Schuljahr für Schülerinnen und Schüler mit sonderpädagogischem
Förderbedarf. Zudem braucht es sowohl ein verpflichtendes Modul der
inklusiven Pädagogik im Rahmen des regulären Lehramtsstudiums als
auch eine eigenständige Lehramtsausbildung für Inklusion und
Sonderpädagogik. Eine solche Ausbildung würde das Berufsbild der
Sonderpädagogin bzw. des Sonderpädagogen klar aufwerten“, betont der
Bildungssprecher der Volkspartei, Nico Marchetti.

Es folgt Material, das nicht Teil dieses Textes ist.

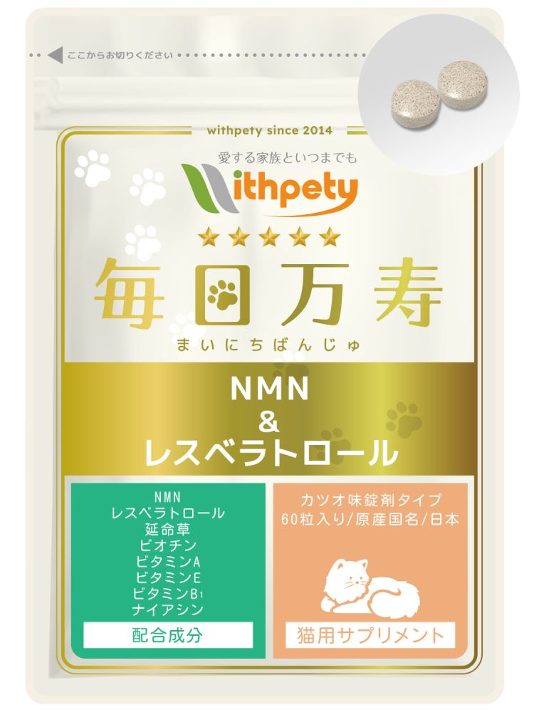 ウィズペティの「毎日万寿 NMN&レスベラトロール」は愛猫の長生きの健康維持の為に7種類の成分(NMN、レスベラトロール、延命草、ビオチン、ビタミンA、ビタミン E、ビタミン B 1、ビタミン B 3)を配合しています。NMNは純度99%の国産品を使用し相乗効果が期待できるレスベラトロール(リンゴンベリー由来)も配合しています。サプリの製造も国産品質、GMP、ペットフード安全法、残留農薬のポジティブリストに基づき、香料・着色料・保存料・化学調味料を使用せずに製造しています。全猫種が食べやすい錠剤タイプです。(直径8mmのカツオ味錠剤/1袋60粒入り)

„Sonderpädagoginnen und Sonderpädagogen dürfen nicht länger als
reine Unterstützungskräfte wahrgenommen werden, sondern als
hochqualifizierte Expertinnen und Experten. Außerdem braucht es eine
Neukonzipierung des sonderpädagogischen Förderbedarfs inklusive
bedarfsgerechter Ausstattung – bis dahin brauchen wir eine Anhebung
der Deckelung für sonderpädagogische Förderung von 2,7 % auf 4,5 %“,
so Marchetti abschließend.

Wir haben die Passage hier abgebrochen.